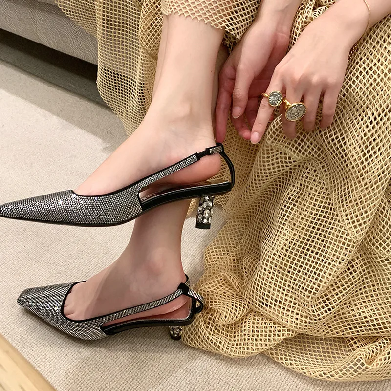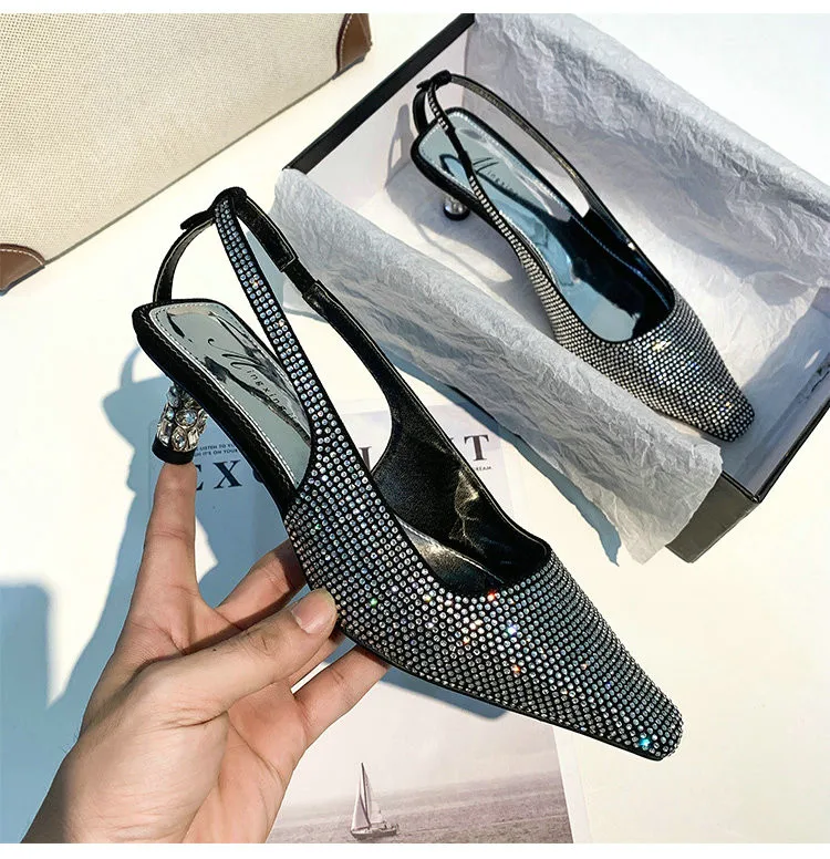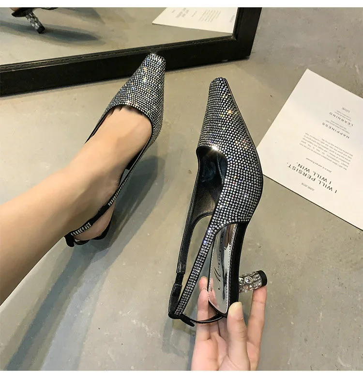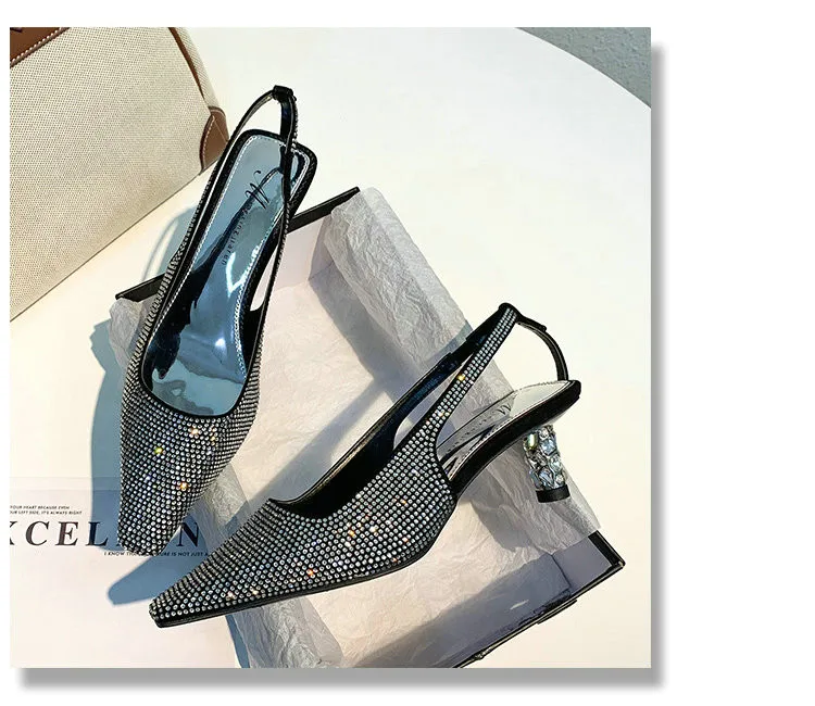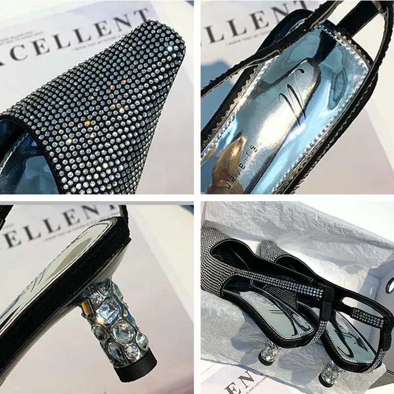 Для женщин пикантные сандалии со стразами летние Стразы Для женщин Алмаз высокие каблуки Летняя обувь под платье
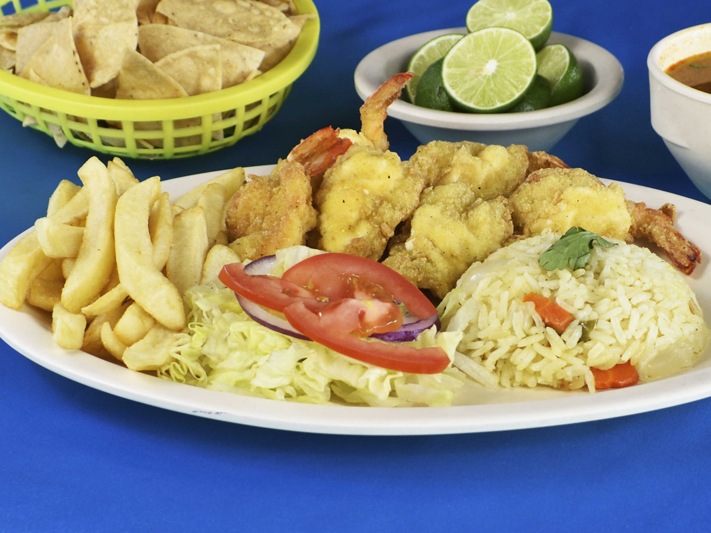 Camarones empanizados con arroz, ensalada, totopos, limones, salsa, consomé de 8 oz.
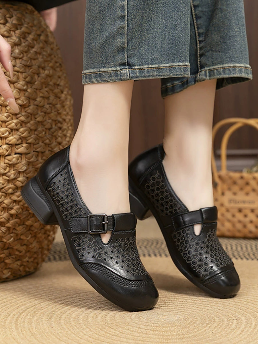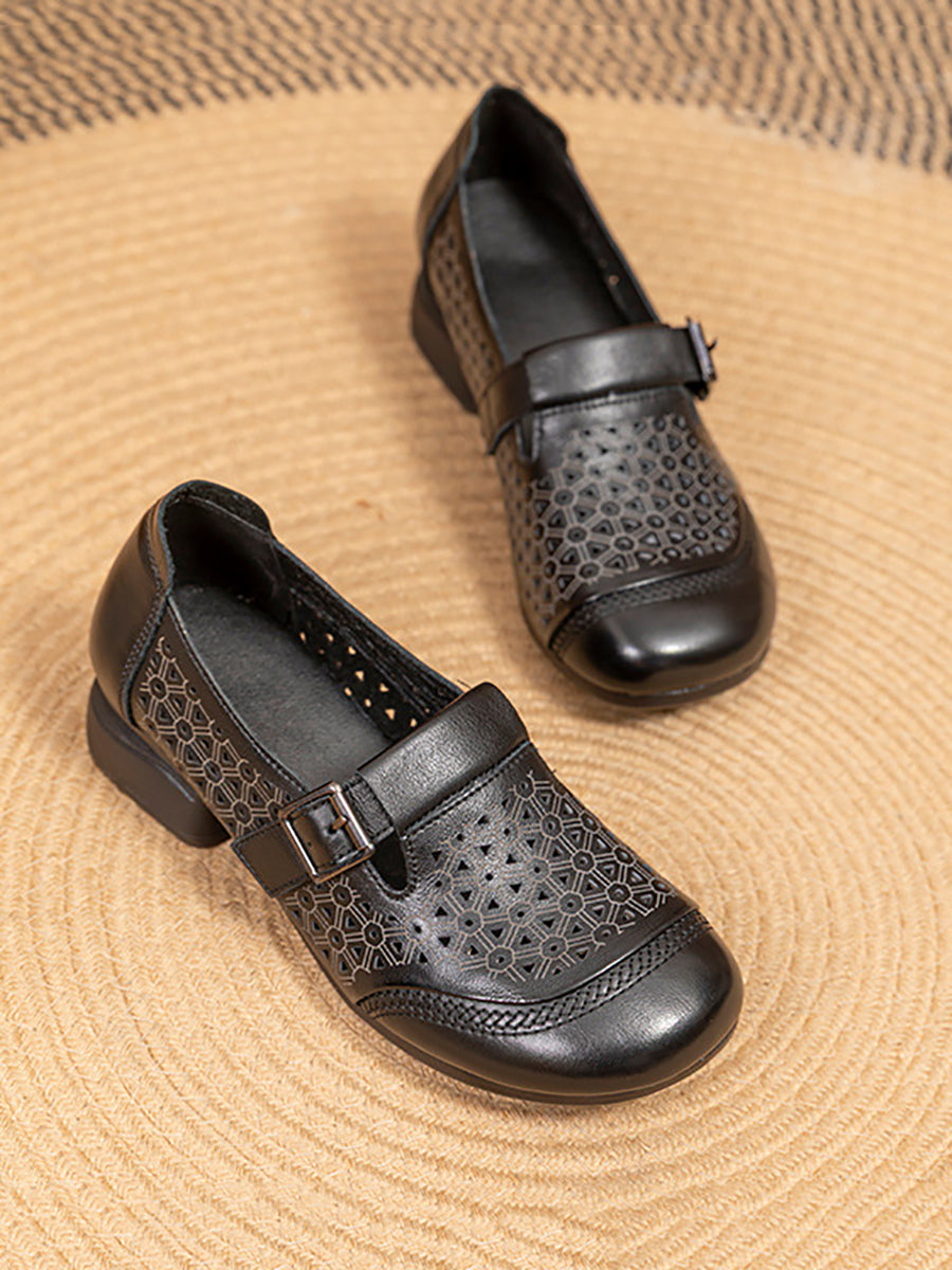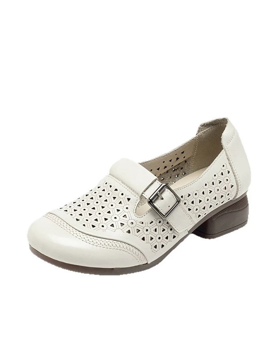 Women Summer Genuine Leather Holw Low Heel Shoes
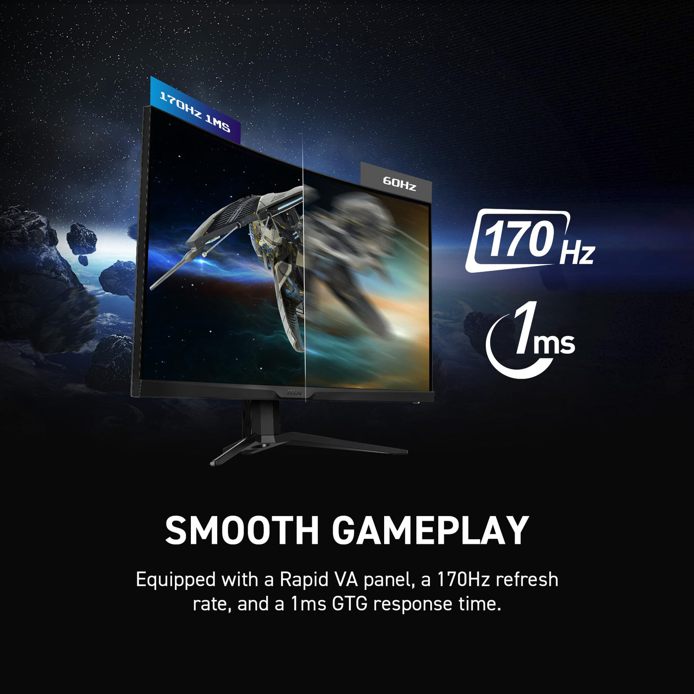 Msi Mag275Cqrf Qd, 27 Gaming Monitor, 2560 X 1440 (Qhd) Rapid Va With Quantum Dot, 1 Ms, 170Hz, Freesync Premium, Hdr Ready, 1000R, Hdmi, Displayport, Tilt And Height Adjustable.
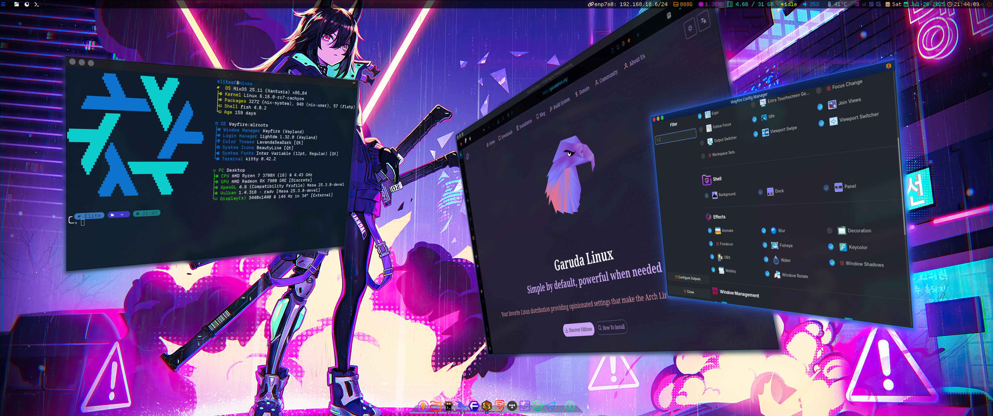 Re-envisioned garuda wayfire! Well I don’t have everything done. But its getting there. Like getting brightness control working and a bluetooth tray icon or fastfetch icon, but it’s qt wayfire. One step at a time
________________________________________
Task instructions: What do the lines above say from the line containing "Camarones empanizados con" through the last line? Quote them exactly, both ends included, and leave out the pictures.

Expected output:
 Camarones empanizados con arroz, ensalada, totopos, limones, salsa, consomé de 8 oz.
 Women Summer Genuine Leather Holw Low Heel Shoes
 Msi Mag275Cqrf Qd, 27 Gaming Monitor, 2560 X 1440 (Qhd) Rapid Va With Quantum Dot, 1 Ms, 170Hz, Freesync Premium, Hdr Ready, 1000R, Hdmi, Displayport, Tilt And Height Adjustable.
 Re-envisioned garuda wayfire! Well I don’t have everything done. But its getting there. Like getting brightness control working and a bluetooth tray icon or fastfetch icon, but it’s qt wayfire. One step at a time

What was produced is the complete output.